All the models are indexed in the same index. And sunspot will also index the classnames into the index.
I'm programming a website that allows users to post classified ads with detailed fields for different types of items they are selling. However, I have a question about the best database schema.
The site features many categories (eg. Cars, Computers, Cameras) and each category of ads have their own distinct fields. For example, Cars have attributes such as number of doors, make, model, and horsepower while Computers have attributes such as CPU, RAM, Motherboard Model, etc.
Now since they are all listings, I was thinking of a polymorphic approach, creating a parent LISTINGS table and a different child table for each of the different categories (COMPUTERS, CARS, CAMERAS). Each child table will have a listing_id that will link back to the LISTINGS TABLE. So when a listing is fetched, it would fetch a row from LISTINGS joined by the linked row in the associated child table.
LISTINGS
-listing_id
-user_id
-email_address
-date_created
-description
CARS
-car_id
-listing_id
-make
-model
-num_doors
-horsepower
COMPUTERS
-computer_id
-listing_id
-cpu
-ram
-motherboard_model
Now, is this schema a good design pattern or are there better ways to do this?

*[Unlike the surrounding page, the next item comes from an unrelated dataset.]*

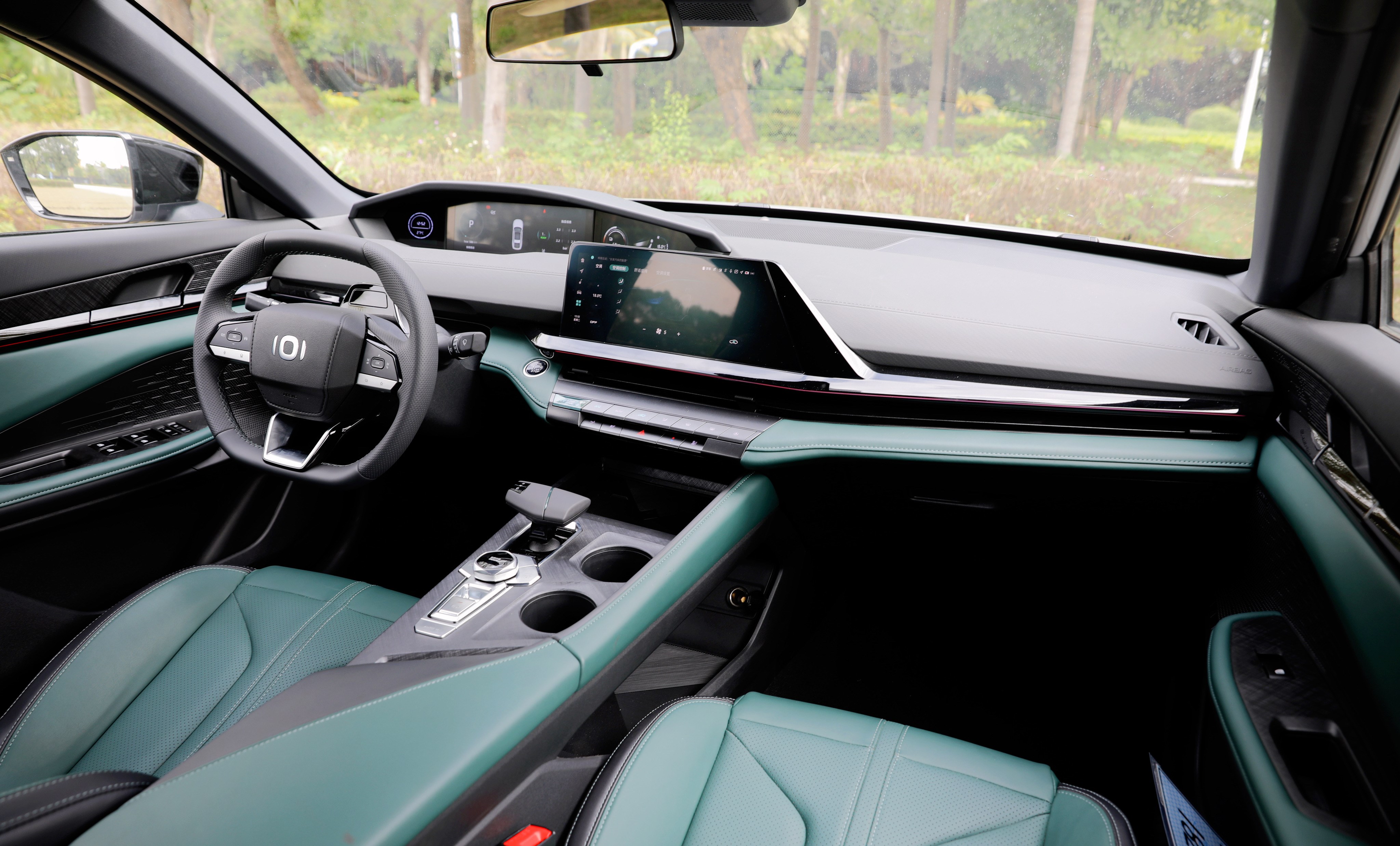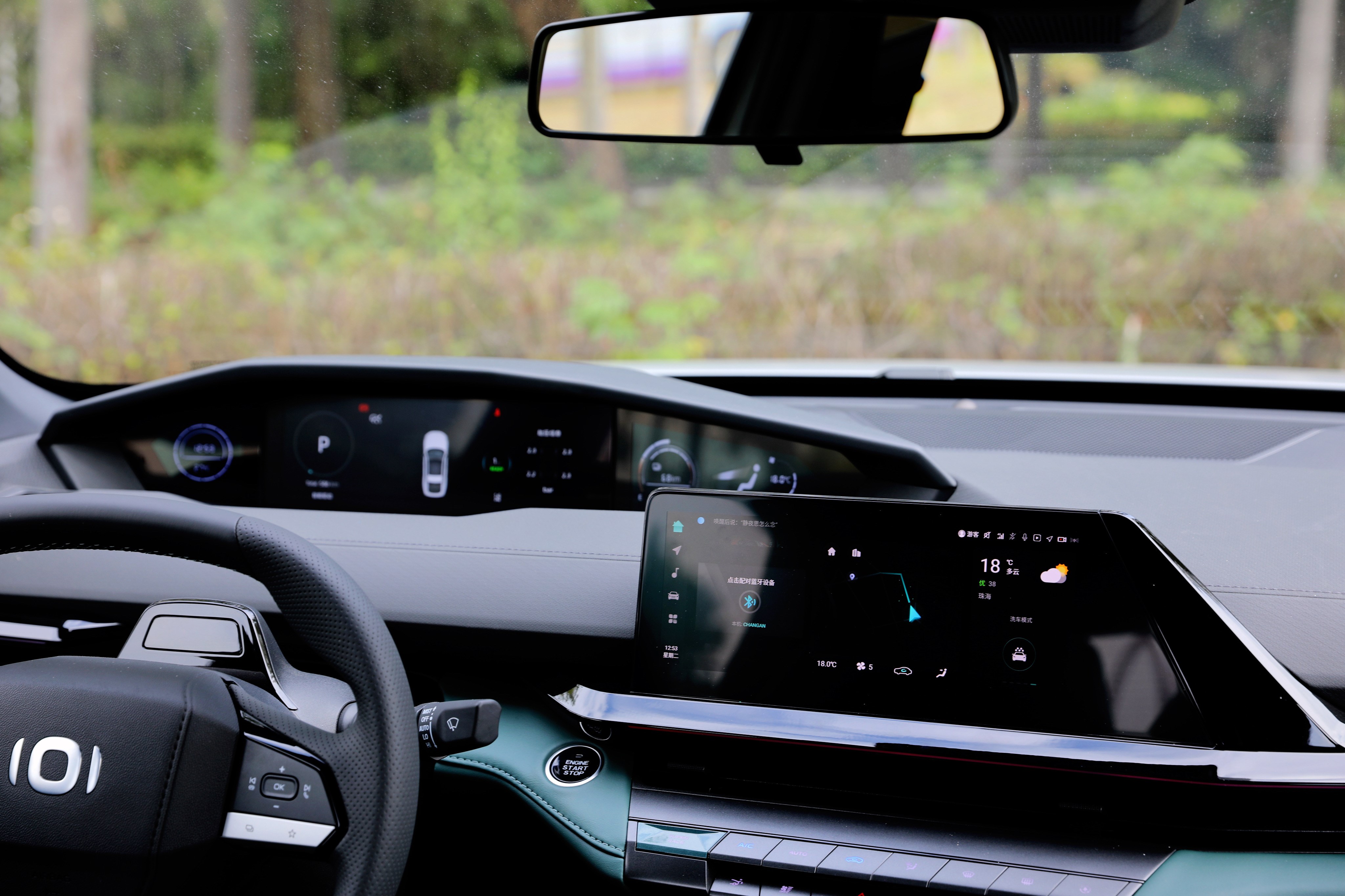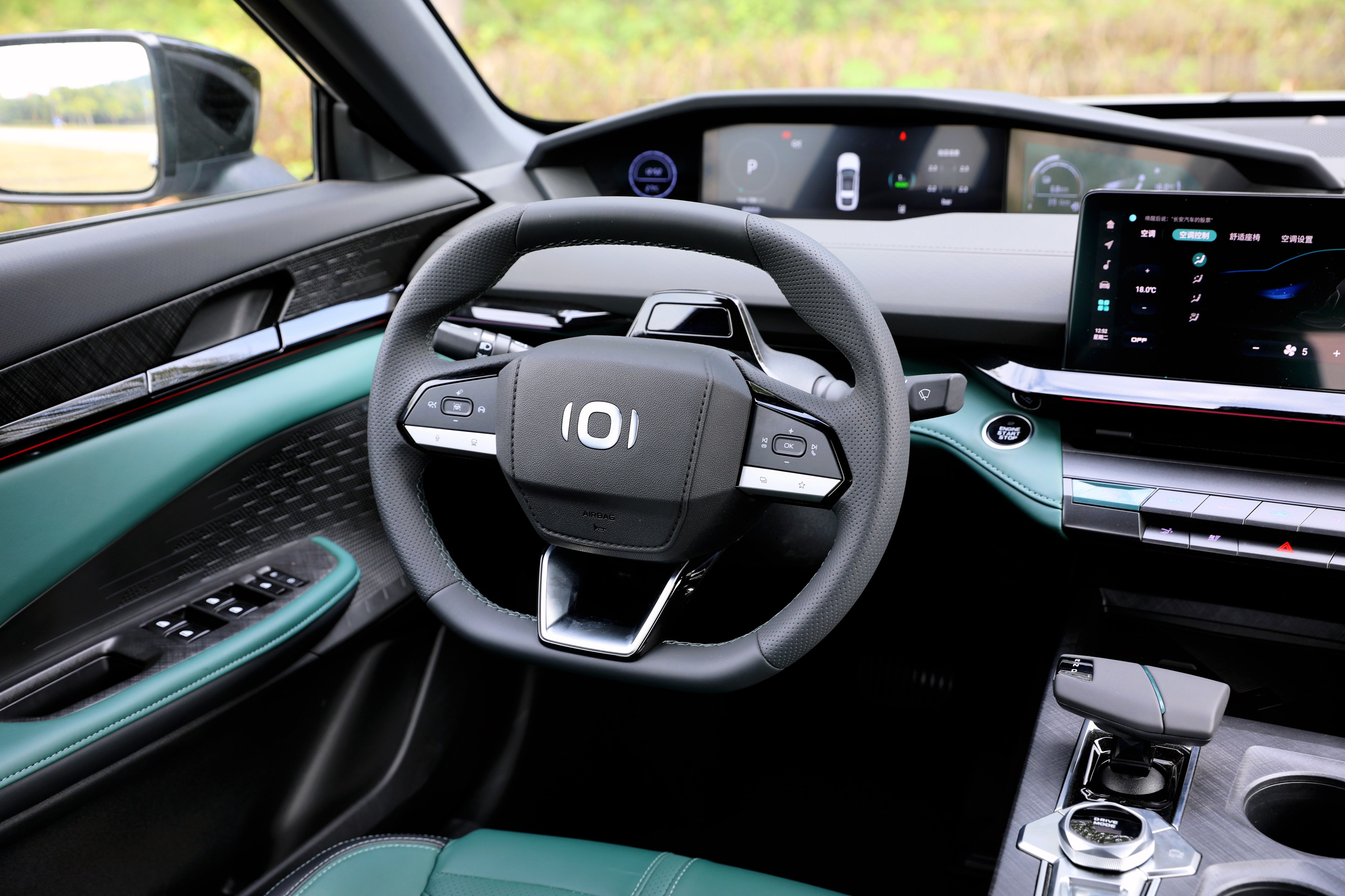 進入車內,長安啟源A06座艙風格很獨特,富有層次感的造型讓你第一眼會感覺很復雜,但是仔細品味一番后,它特殊的風格可以說是別有一番風味。啟源A06提供流沙白和林蹤綠兩種面料配色,個人更喜歡林蹤綠的配色方案,更能體現(xiàn)出動感、時尚的一面。

I considered single inheritance but quickly brushed off the thought because the table will get too large too quickly, but then another dilemma came to mind - if the user does a global search on all the listings, then that means I will have to query each child table separately. What happens if I have over 100 different categories, wouldn't it be inefficient?
I also thought of another approach where there is a master table (meta table) that defines the fields in each category and a field table that stores the field values of each listing, but would that go against database normalization?
How would sites like Kijiji do it?
Your database design is fine. No reason to change what you've got. I've seen the search done a few ways. One is to have your search stored procedure join all the tables you need to search across and index the columns to be searched. The second way I've seen it done which worked pretty well was to have a table that is only used for search which gets a copy of whatever fields that need to be searched. Then you would put triggers on those fields and update the search table.
They both have drawbacks but I preferred the first to the second.
EDIT
You need the following tables.
Categories
- Id
- Description
CategoriesListingsXref
- CategoryId
- ListingId
With this cross reference model you can join all your listings for a given category during search. Then add a little dynamic sql (because it's easier to understand) and build up your query to include the field(s) you want to search against and call execute on your query.
That's it.
EDIT 2
This seems to be a little bigger discussion that we can fin in these comment boxes. But, anything we would discuss can be understood by reading the following post.
http://www.sommarskog.se/dyn-search-2008.html
It is really complete and shows you more than 1 way of doing it with pro's and cons.
Good luck.
I think the design you have chosen will be good for the scenario you just described. Though I'm not sure if the sub class tables should have their own ID. Since a CAR is a Listing, it makes sense that the values are from the same "domain".
In the typical classified ads site, the data for an ad is written once and then is basically read-only. You can exploit this and store the data in a second set of tables that are more optimized for searching in just the way you want the users to search. Also, the search problem only really exists for a "general" search. Once the user picks a certain type of ad, you can switch to the sub class tables in order to do more advanced search (RAM > 4gb, cpu = overpowered).